All participants who participated in this study were subjected to: (i) full history taking, (ii) otological examination, (iii) audiological evaluation; all measures for the participants were performed using Grason-Stadler (GSI) 61 audiometer (GSI 33, Otometrics, Denmark) and stimuli were delivered through TDH-50 P Telephonics headphones (Denmark) and GSI loudspeakers for aided free-field audiometry. Pure tone audiometry in the frequency range 0.25–8 kHz were tested. Speech audiometry including speech recognition threshold using Arabic spondee words  and word discrimination score, using Arabic phonetically balanced words . (iv) Immittancemetry was done using GSI 33 Grason-Stadler (USA), calibrated according to the ISO standards, using single-component, single-frequency tympanometry with a probe tone of 226 Hz. Testing of the acoustic reflex threshold was done for ipsilateral and contralateral elicited reflexes, using pure tones at 500, 1000, 2000, and 4000 Hz. (v) Through hearing aid fitting system HI-PRO (GN Otometrics A/S, Taastrup, Denmark).
- Participants were fitted for hearing aids and subsequently returned to repeat measurements of thresholds and tinnitus loudness and spectra at 3, 6, and 12 months after their initial visit.
- THI was answered at initial 3, 6, and 12 months after proper hearing aid fitting.

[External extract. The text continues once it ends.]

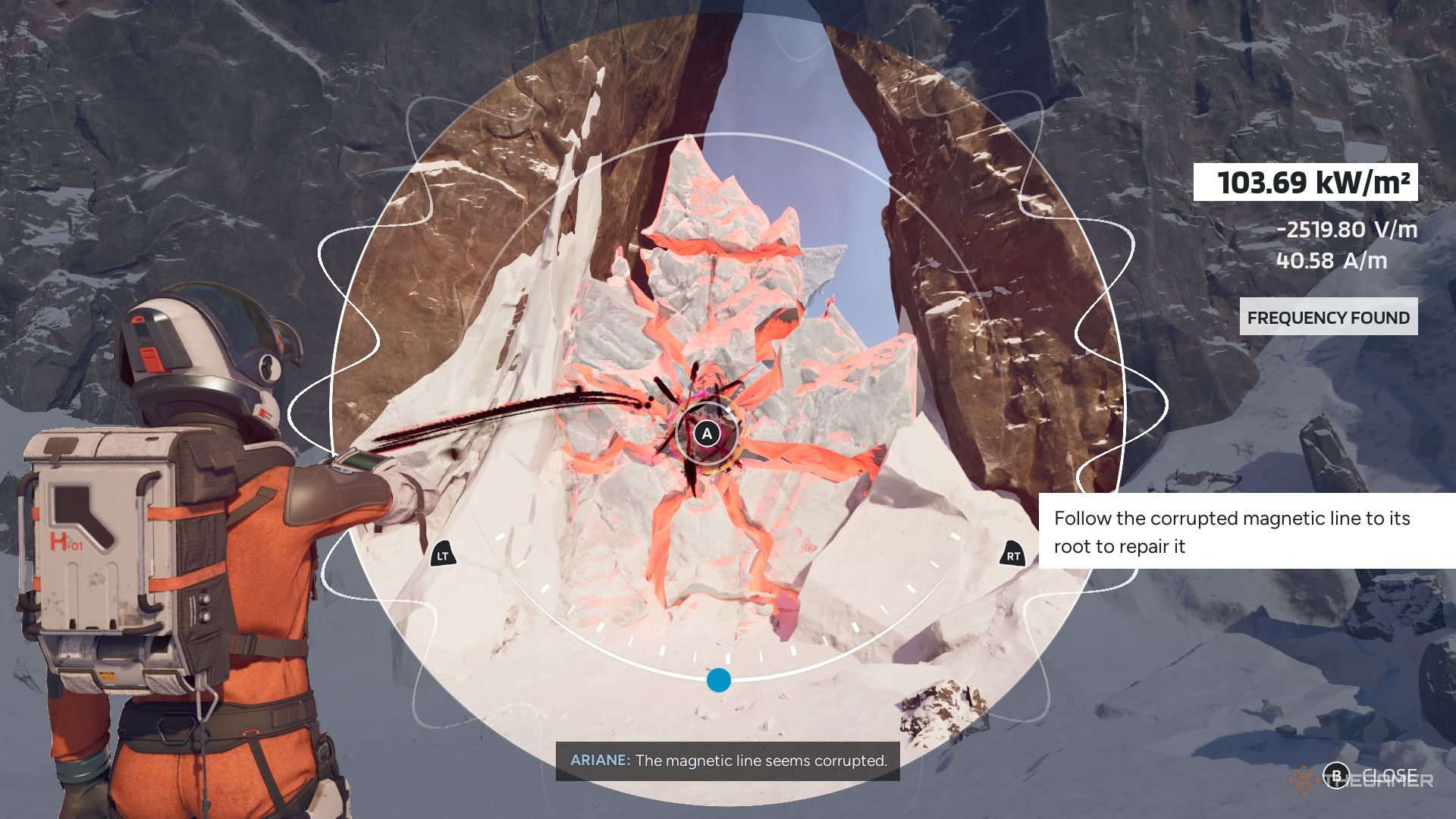 | The Right Frequency | Взаимодействуйте с Аномалией | Аномалия — это магнитное возмущение, которое вы можете изменить, используя ваш EM-сканер. Найдите её с помощью сканера и найдите правильную частоту, чтобы иметь возможность манипулировать ею. Обычно они раскрывают точки захвата, пути или устраняют препятствия. |

- Aided free-field audiometry was performed at 500, 1, 2, and 4 kHz at initial 3, 6, and 12 months after proper hearing aid fitting.
Data were analyzed using the software, statistical package for social sciences, version 18. Frequency distribution with its percentage and descriptive statistics with mean and SD were calculated. The data were summarized using descriptive statistics: mean, SD, minimal, and maximum values for quantitative variables and number and percentage for qualitative values. Statistical differences were tested using the χ2-test for qualitative variables, independent sample t-test for quantitative normally distributed variables, whereas nonparametric Mann–Whitney test for quantitative variables which are not normally distributed. Pearson’s correlation were done to test for linear relations between variables. P values of less than or equal to 0.05 were considered statistically significant. P values of less than or equal to 0.01 were considered highly significant .
| Results|| |
This study included 50 patients suffering from different degrees of hearing loss [10 (20%) CHL, 35 (70%) SNHL, 5 (10%) mixed] associated with tinnitus. Their age ranged from 22 to 61 years with a mean of 40.66±9.58 years. They were 23 (46%) women and 27 (54%) men.
[Table 1] shows the mean hearing thresholds and the mean aided hearing thresholds of the studied group.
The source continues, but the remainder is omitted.